Vous jouez aussi un rôle de lobbying ? Notre troisième axe de travail est en effet du plaidoyer politique, nous sommes membres fondateurs de l’initiative pour un devoir de vigilance au Luxembourg. On fait de la veille politique, par exemple sur l’alimentation dans la restauration scolaire. Et notre quatrième axe, c’est le développement du marché. Si nous repérons des nouveautés, on va les proposer à nos acteurs luxembourgeois.
Vous militez aussi pour le devoir de vigilance ? Oui, nous sommes membres de l’Initiative pour un devoir de vigilance au Luxembourg, soutenue par 17 organisations de la société civile luxembourgeoise.

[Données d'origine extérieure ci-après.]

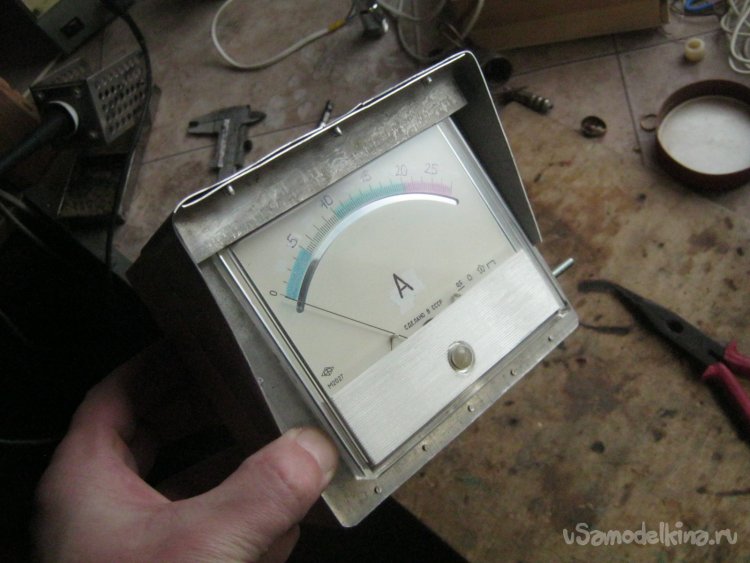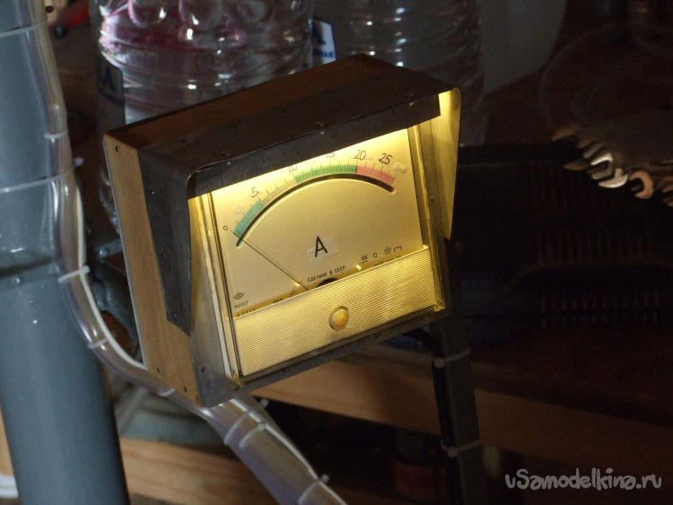 В этом смысле волевым решением принят единственный стрелочный измеритель-«показометр» потребляемого реактором электрического тока. Измерительная часть амперметра – токовый шунт, установлен в управляемом выпрямителе блока питания (БП), часть индикаторная – милливольтметр, вынесен на недлинной штанге вверх, этаким светофорно-перископным образом. Своеобразная конструкция исходит из размещения реактора с БП в мастерской – вблизи рабочего стола, но за массивной кирпичной дровяной плитой. Это снизит вероятность душа из разлетающейся горячей концентрированной щелочи (электролит) при гипотетическом разрушении реактора от подрыва (обратный удар). Амперметр обращен лицом в сторону «оператора» и вынесен вверх. Достаточно чуть повернуть голову.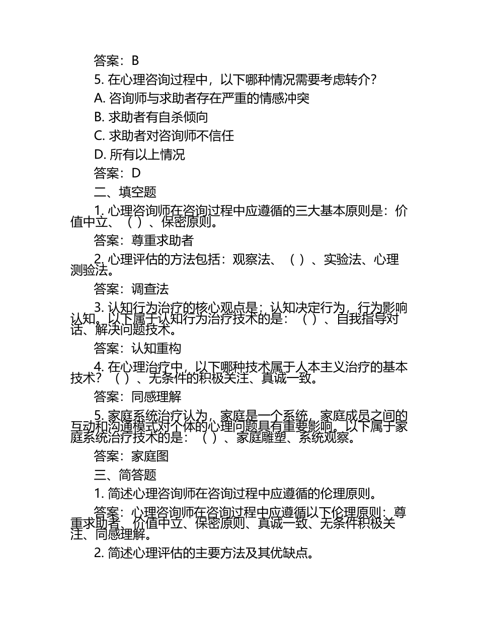 心理咨询师的学科整合试题及答案一、选择题1.心理咨询师在进行咨询时,以下哪项不是建立良好咨询关系的必要条件?A.真诚一致B.无条件积极关注C.神秘莫测D.同感理解答案:C2.在心理评估中,以下哪种方法属于投射测...

Nous appelons à la mise en place d’une législation contraignante pour les entreprises domiciliées au Luxembourg. La proposition vise à intégrer le respect des droits humains, des normes de travail, ainsi que des dispositions et des accords environnementaux internationaux dans l’ensemble de la chaîne de valeur des entreprises. Une proposition de directive européenne a été publiée sur le sujet également, mais il y a des failles dans le texte et on appelle le gouvernement luxembourgeois à agir avant la fin du processus législatif européen.
Êtes-vous optimiste pour l’avenir, vu le contexte actuel de crise énergétique ? Aujourd’hui, nous sommes inquiets. Le consommateur va-t-il rester solidaire vis-à-vis de nos producteurs, notamment lorsqu’il aura des soucis pour payer ses factures d’énergie ou autre ? Les coûts de la vie augmentent partout, ceux de production aussi, les producteurs sont également en difficulté... tout le monde est concerné. Ce qui est révoltant, c’est qu’ils ne sont pas responsables de ce changement climatique, mais aujourd’hui, ils sont les premiers impactés. Si vous n’avez pas de justice climatique, vous n’aurez pas de justice sociale, et vice versa.

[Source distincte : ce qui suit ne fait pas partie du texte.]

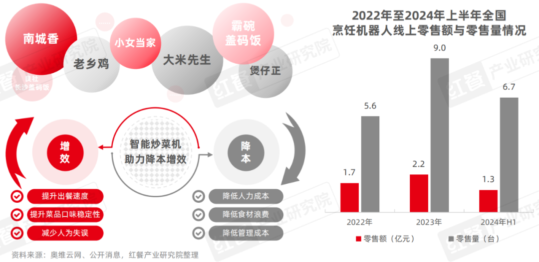同時(shí),消費(fèi)者對(duì)烹飪機(jī)器人的興趣與接受度也日益增強(qiáng)。相關(guān)數(shù)據(jù)顯示,2024年上半年,全國(guó)烹飪機(jī)器人的零售額達(dá)到1.3億元,零售量達(dá)到6.7萬(wàn)臺(tái),分別占2023年全年的59.1%、74.4%。當(dāng)下,智能炒菜機(jī)器人已在連鎖餐飲門(mén)店、外賣(mài)廚房、社區(qū)食堂等多個(gè)場(chǎng)景實(shí)現(xiàn)落地應(yīng)用。拓邦股份廚紀(jì)智能炒菜機(jī)器人、橡鹿科技、飪芯機(jī)器人等智能商用烹飪?cè)O(shè)備研發(fā)生產(chǎn)企業(yè)受到廣泛關(guān)注。
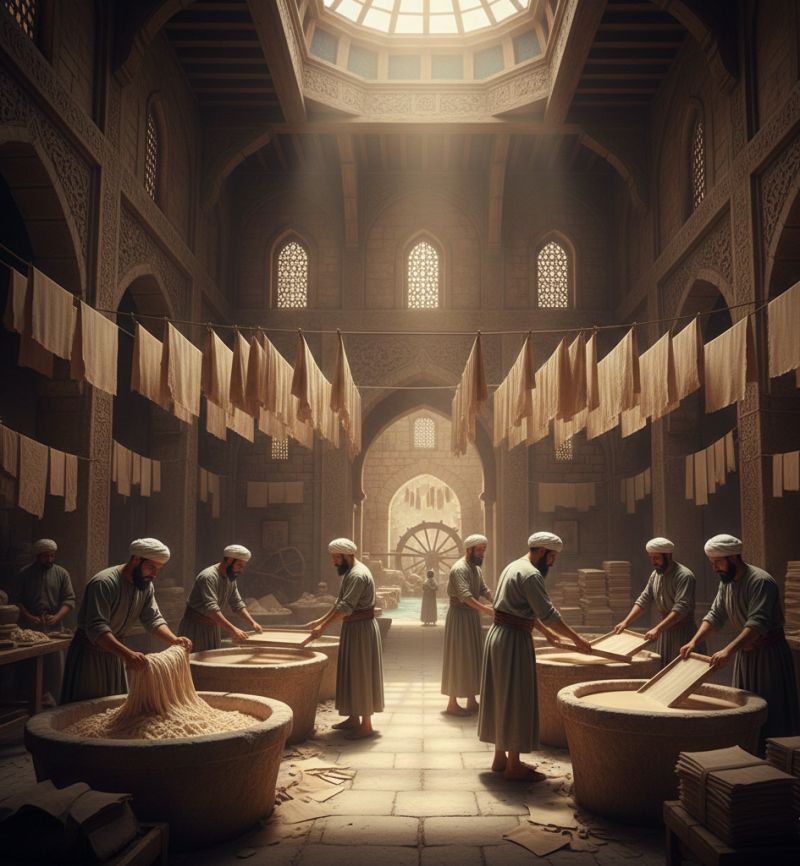 Kâğıt her ne kadar MS 105 yıllarında Çin’de ortaya çıkmış olsa da, bu mucizenin sanayileşmesi ve dünyaya yayılması İslam coğrafyasında gerçekleşti. Durant’ın aktardığına göre, İslam âlemindeki ilk kâğıt imâlâthanesi 794 yılında Bağdat’ta kuruldu. Bu, bilginin ucuzlaması ve kütüphanelerin devasa boyutlara ulaşması yolundaki ilk büyük adımdı.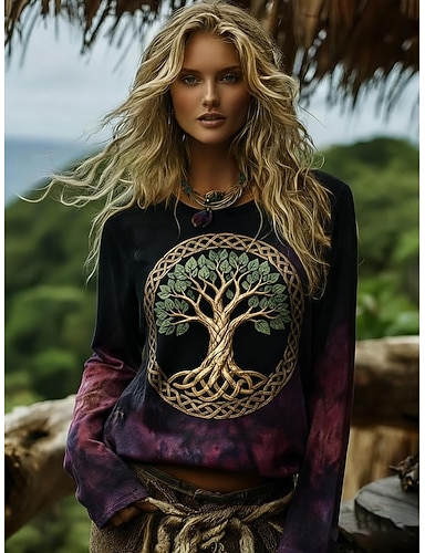 Per donna Camicia Boho Maglietta Stampato Grafico Bohemien Vintage Casual Manica Lunga Girocollo Top Regolari Quotidiano Weekend Abbigliamento da vacanza Nero Estate Primavera Autunno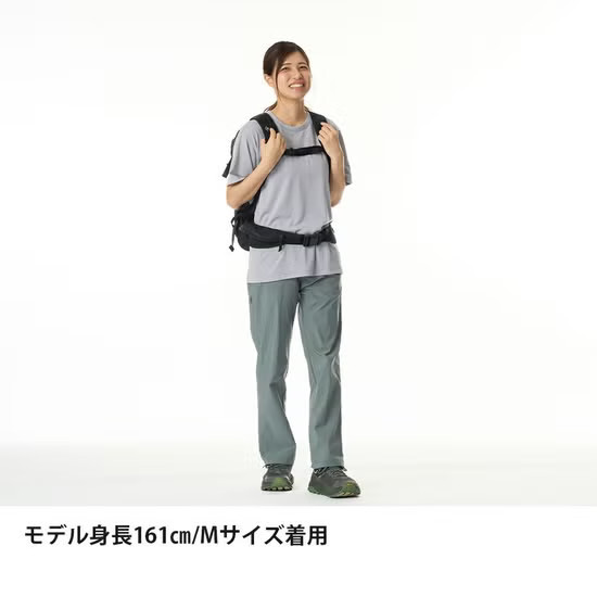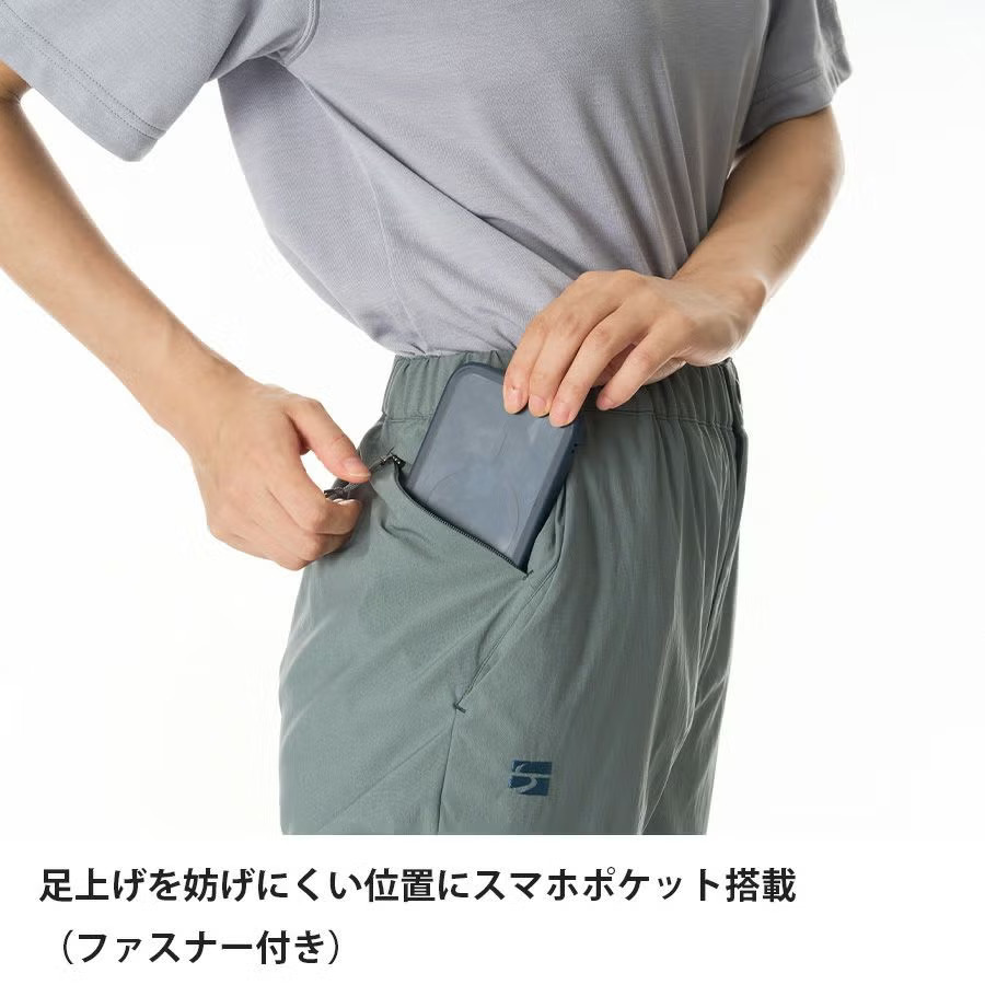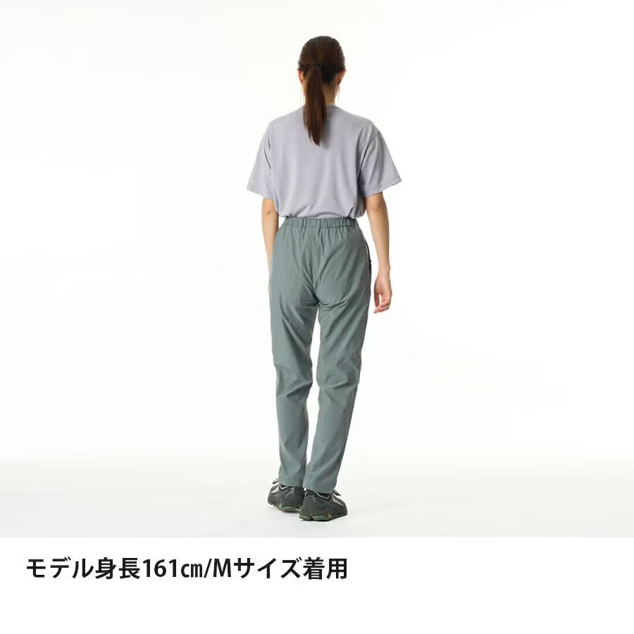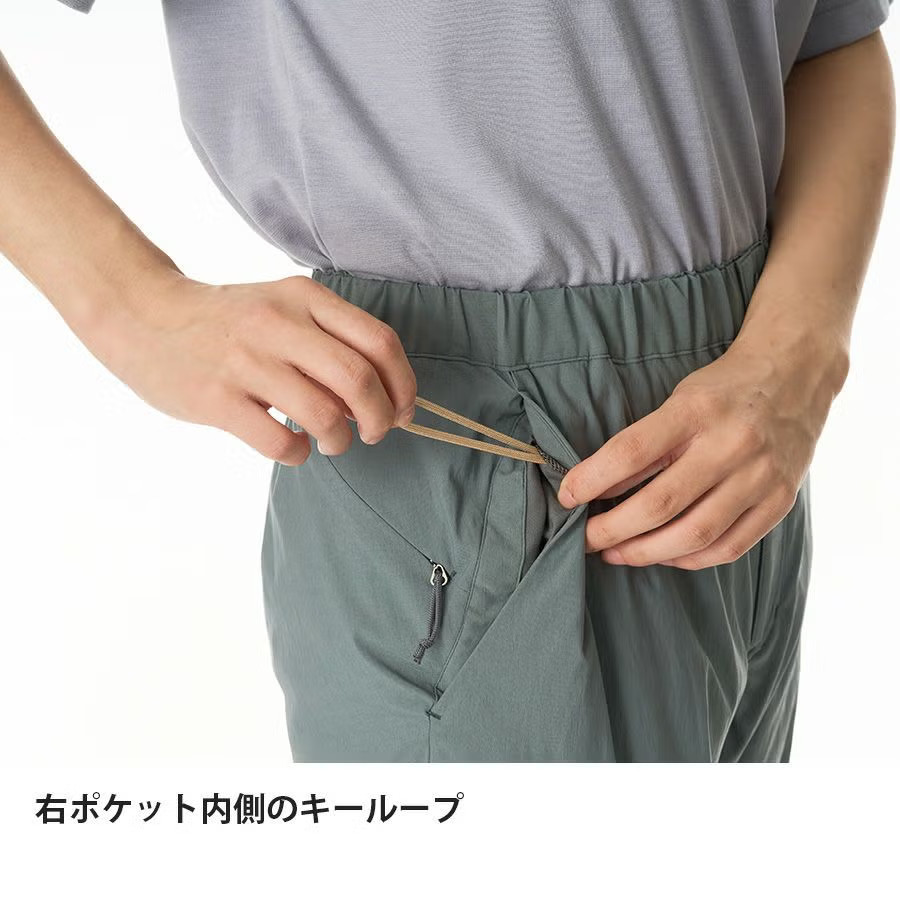 軽量かつ極薄手の生地に、適度なゆとりを持たせたリラックスシルエット。腿まわりにゆとりを持たせつつ裾にかけてややテーパードに。動きに追従し、風が通りやすい。暑い時期の行動でも、軽やかな穿き心地が続きます。

Comment trouver une issue ? Jusqu’à maintenant, on disait que le commerce équitable était une alternative au commerce conventionnel, mais aujourd’hui, on veut sortir de ce schéma, parce qu’en fin de compte, ce n’est plus une alternative, c’est une illustration du bon sens citoyen, et on veut tous être des citoyens responsables. C’est évident d’être rémunéré justement, de ne pas exploiter des enfants dans une plantation de cacao, etc. Et c’est révoltant de se dire qu’en 2022, il faut encore se battre pour ces évidences.